A ‘Dynamic Contrast’ setting is present on this monitor, which can be activated under the ‘Game’ and ‘Movie’ presets. This allows the backlight brightness to adjust according to the relative levels of ‘dark’ and ‘light’ on the screen at a given time. The monitor reacted promptly to changes in scene brightness and dimmed to quite low levels for predominantly dark content. The luminance was fairly high for mixed or brighter content, although the maximum luminance of the screen isn’t really retina-scorching anyway. As usual we prefer leaving this setting disabled and dislike such settings, but it is there and does work if you want to use it.
PWM (Pulse Width Modulation)
This monitor does not use PWM (Pulse Width Modulation) to regulate the backlight at any brightness level. Instead, DC (Direct Current) dimming is employed. The backlight is therefore considered ‘flicker-free’, which will be appreciated by those sensitive to or worried about the effects of PWM usage.
We observed a black background in a dark room and could see no obvious backlight bleed. There was a little bit towards the top edge of the screen, near the right, but nothing obtrusive. Note that individual units can vary in this respect. The image below was taken from a few metres back to eliminate ‘PLS glow’ and show only the remaining backlight bleed. ‘PLS glow’ can be seen from a normal viewing position towards the bottom corners of the screen in particular, as explored in the review. It also appears to bloom out if the screen is viewed from sharper viewing angles, as shown in a video later on.
The Spyder5ELITE was used to analyse the uniformity of lighter colours, represented by 9 equidistant white quadrants running from top left to bottom right. The table below shows the luminance recorded at each quadrant alongside the percentage deviation between a given quadrant and the brightest point recorded.

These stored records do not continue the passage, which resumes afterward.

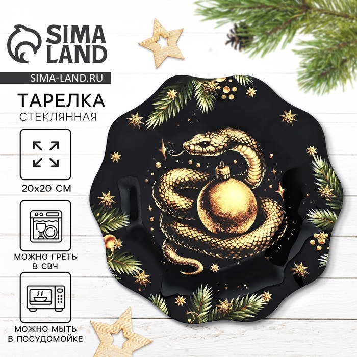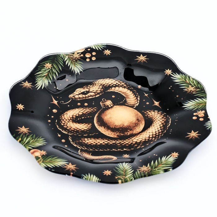 Тарелка стеклянная новогодняя Дорого внимание «Золотая змейка», 20 см
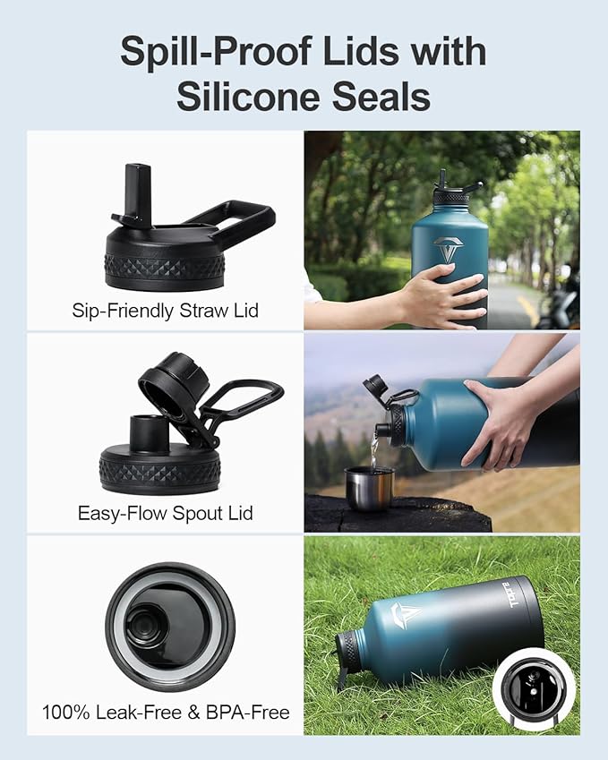 • No Leaks, No Worries: This stainless steel water bottle ncludes two leak-proof lids—a straw lid and a spout lid. Both are equipped with silicone rings to prevent any spills or leaks, and are completely BPA-free for your peace of mind.
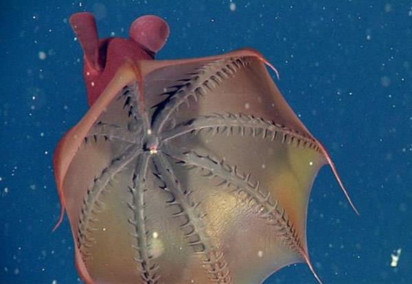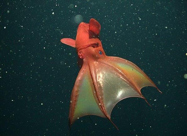 这种独特的深海头足动物有暗红色的身体(约一颗足球般大小),大大的蓝眼睛和由八只刚触手延伸出来、组成一个像斗篷般的大网。
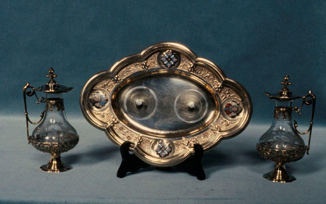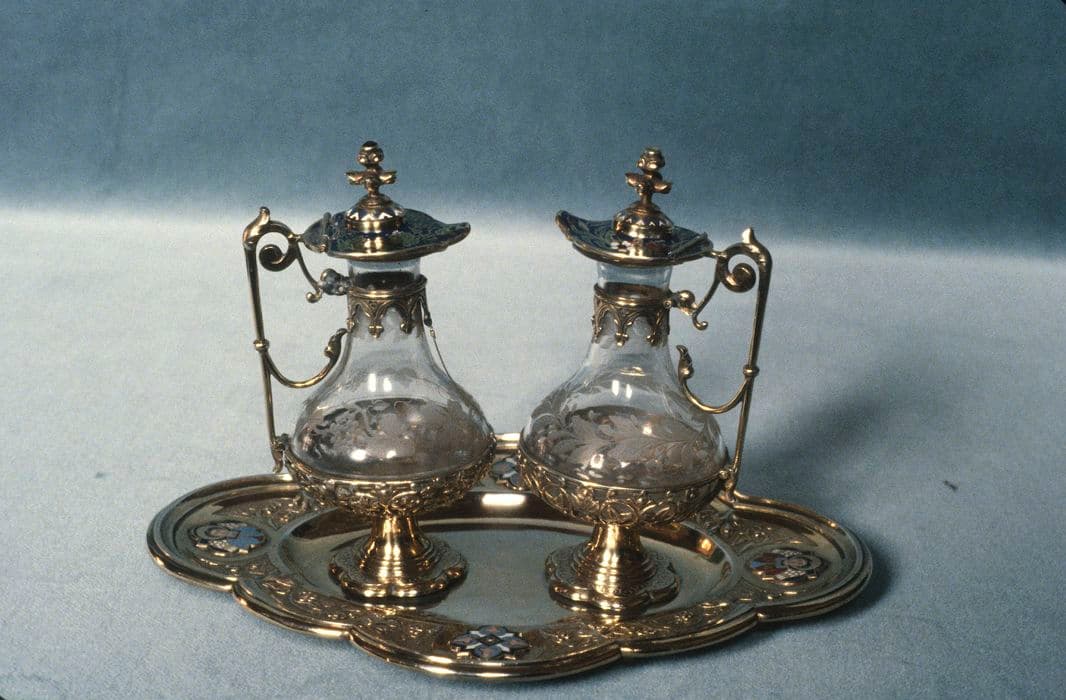 Plateau et burettes en vermeil, verre gravé et émaux.
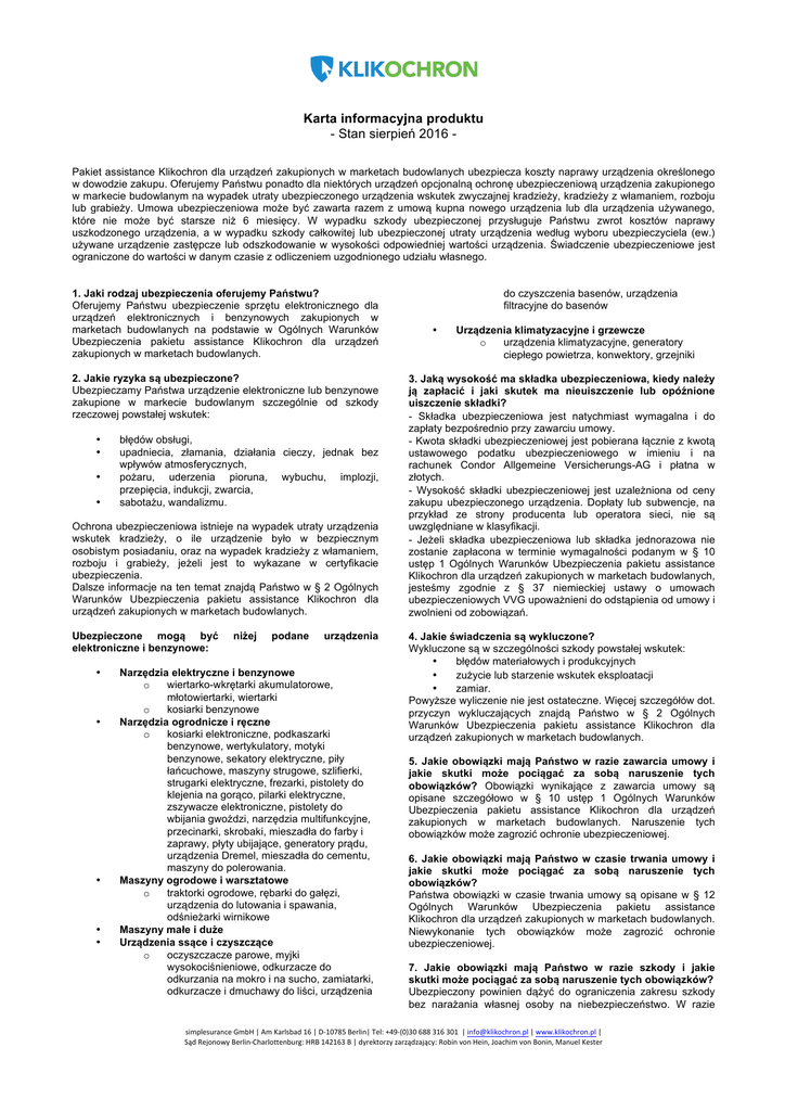 Karta informacyjna produktu - Stan sierpień 2016 Pakiet assistance Klikochron dla urządzeń zakupionych w marketach budowlanych ubezpiecza koszty naprawy urządzenia określonego w dowodzie zakupu. Oferujemy Państwu ponadto dla niektórych urządzeń opcjonalną ochronę ubezpieczeniową urządzenia zakupionego w markecie budowlanym na wypadek utraty ubezpieczonego urządzenia wskutek zwyczajnej kradzieży, kradzieży z włamaniem, rozboju lub grabieży. Umowa ubezpieczeniowa może być zawarta razem z umową kupna nowego urządzenia lub dla urządzenia używanego, które nie może być starsze niż 6 miesięcy. W wypadku szkody ubezpieczonej przysługuje Państwu zwrot kosztów naprawy uszkodzonego urządzenia, a w wypadku szkody całkowitej lub ubezpieczonej utraty urządzenia według wyboru ubezpieczyciela (ew.) używane urządzenie zastępcze lub odszkodowanie w wysokości odpowiedniej wartości urządzenia. Świadczenie ubezpieczeniowe jest ograniczone do wartości w danym czasie z odliczeniem uzgodnionego udziału własnego. 1. Jaki rodzaj ubezpieczenia oferujemy Państwu? Oferujemy Państwu ubezpieczenie sprzętu elektronicznego dla urządzeń elektronicznych i benzynowych zakupionych w marketach budowlanych na podstawie w Ogólnych Warunków Ubezpieczenia pakietu assistance Klikochron dla urządzeń zakupionych w marketach budowlanych. 2. Jakie ryzyka są ubezpieczone? Ubezpieczamy Państwa urządzenie elektroniczne lub benzynowe zakupione w markecie budowlanym szczególnie od szkody rzeczowej powstałej wskutek: • • • • błędów obsługi, upadniecia, złamania, działania cieczy, jednak bez wpływów atmosferycznych, pożaru, uderzenia pioruna, wybuchu, implozji, przepięcia, indukcji, zwarcia, sabotażu, wandalizmu. Ochrona ubezpieczeniowa istnieje na wypadek utraty urządzenia wskutek kradzieży, o ile urządzenie było w bezpiecznym osobistym posiadaniu, oraz na wypadek kradzieży z włamaniem, rozboju i grabieży, jeżeli jest to wykazane w certyfikacie ubezpieczenia. Dalsze informacje na ten temat znajdą Państwo w § 2 Ogólnych Warunków Ubezpieczenia pakietu assistance Klikochron dla urządzeń zakupionych w marketach budowlanych. Ubezpieczone mogą być elektroniczne i benzynowe: • • • • • niżej podane urządzenia Narzędzia elektryczne i benzynowe o wiertarko-wkrętarki akumulatorowe, młotowiertarki, wiertarki o kosiarki benzynowe Narzędzia ogrodnicze i ręczne o kosiarki elektroniczne, podkaszarki benzynowe, wertykulatory, motyki benzynowe, sekatory elektryczne, piły łańcuchowe, maszyny strugowe, szlifierki, strugarki elektryczne, frezarki, pistolety do klejenia na gorąco, pilarki elektryczne, zszywacze elektroniczne, pistolety do wbijania gwoździ, narzędzia multifunkcyjne, przecinarki, skrobaki, mieszadła do farby i zaprawy, płyty ubijające, generatory prądu, urządzenia Dremel, mieszadła do cementu, maszyny do polerowania. Maszyny ogrodowe i warsztatowe o traktorki ogrodowe, rębarki do gałęzi, urządzenia do lutowania i spawania, odśnieżarki wirnikowe Maszyny małe i duże Urządzenia ssące i czyszczące o oczyszczacze parowe, myjki wysokociśnieniowe, odkurzacze do odkurzania na mokro i na sucho, zamiatarki, odkurzacze i dmuchawy do liści, urządzenia do czyszczenia basenów, urządzenia filtracyjne do basenów • Urządzenia klimatyzacyjne i grzewcze o urządzenia klimatyzacyjne, generatory ciepłego powietrza, konwektory, grzejniki 3. Jaką wysokość ma składka ubezpieczeniowa, kiedy należy ją zapłacić i jaki skutek ma nieuiszczenie lub opóźnione uiszczenie składki? - Składka ubezpieczeniowa jest natychmiast wymagalna i do zapłaty bezpośrednio przy zawarciu umowy. - Kwota składki ubezpieczeniowej jest pobierana łącznie z kwotą ustawowego podatku ubezpieczeniowego w imieniu i na rachunek Condor Allgemeine Versicherungs-AG i płatna w złotych. - Wysokość składki ubezpieczeniowej jest uzależniona od ceny zakupu ubezpieczonego urządzenia. Dopłaty lub subwencje, na przykład ze strony producenta lub operatora sieci, nie są uwzględniane w klasyfikacji. - Jeżeli składka ubezpieczeniowa lub składka jednorazowa nie zostanie zapłacona w terminie wymagalności podanym w § 10 ustęp 1 Ogólnych Warunków Ubezpieczenia pakietu assistance Klikochron dla urządzeń zakupionych w marketach budowlanych, jesteśmy zgodnie z § 37 niemieckiej ustawy o umowach ubezpieczeniowych VVG upoważnieni do odstąpienia od umowy i zwolnieni od zobowiązań. 4. Jakie świadczenia są wykluczone? Wykluczone są w szczególności szkody powstałej wskutek: • błędów materiałowych i produkcyjnych • zużycie lub starzenie wskutek eksploatacji • zamiar. Powyższe wyliczenie nie jest ostateczne. Więcej szczegółów dot. przyczyn wykluczających znajdą Państwo w § 2 Ogólnych Warunków Ubezpieczenia pakietu assistance Klikochron dla urządzeń zakupionych w marketach budowlanych. 5. Jakie obowiązki mają Państwo w razie zawarcia umowy i jakie skutki może pociągać za sobą naruszenie tych obowiązków? Obowiązki wynikające z zawarcia umowy są opisane szczegółowo w § 10 ustęp 1 Ogólnych Warunków Ubezpieczenia pakietu assistance Klikochron dla urządzeń zakupionych w marketach budowlanych. Naruszenie tych obowiązków może zagrozić ochronie ubezpieczeniowej. 6. Jakie obowiązki mają Państwo w czasie trwania umowy i jakie skutki może pociągać za sobą naruszenie tych obowiązków? Państwa obowiązki w czasie trwania umowy są opisane w § 12 Ogólnych Warunków Ubezpieczenia pakietu assistance Klikochron dla urządzeń zakupionych w marketach budowlanych. Niewykonanie tych obowiązków może zagrozić ochronie ubezpieczeniowej. 7. Jakie obowiązki mają Państwo w razie szkody i jakie skutki może pociągać za sobą naruszenie tych obowiązków? Ubezpieczony powinien dążyć do ograniczenia zakresu szkody bez narażania własnej osoby na niebezpieczeństwo. W razie simplesuranceGmbH|AmKarlsba

Luminance uniformity table
The luminance uniformity of the screen was very good. The brightest point recorded was ‘quadrant 2’ above the central region of the screen (166 cd/m²). The maximum deviation occurred at ‘quadrant 6’, to the right of centre (149.1 cd/m²). Elsewhere the screen brightness was within 0 – 9% of the brightest point, which is excellent. Note that individual units can vary when it comes to uniformity and also that there can be deviation expected beyond the points measured. For those who prefer a graphical representation, these deviations are shown in the contour map below. Here darker greys represent lower luminance values and hence greater deviation from the brightest point than lighter greys.
Luminance uniformity map
The colour temperature (white point) uniformity of these quadrants was also analysed, with deviations assigned DeltaE values. A higher DeltaE value represents greater deviation from the 6500K (D65) daylight white point than lower values. A value greater than DeltaE 3 is considered significant deviation that some users would readily notice by eye.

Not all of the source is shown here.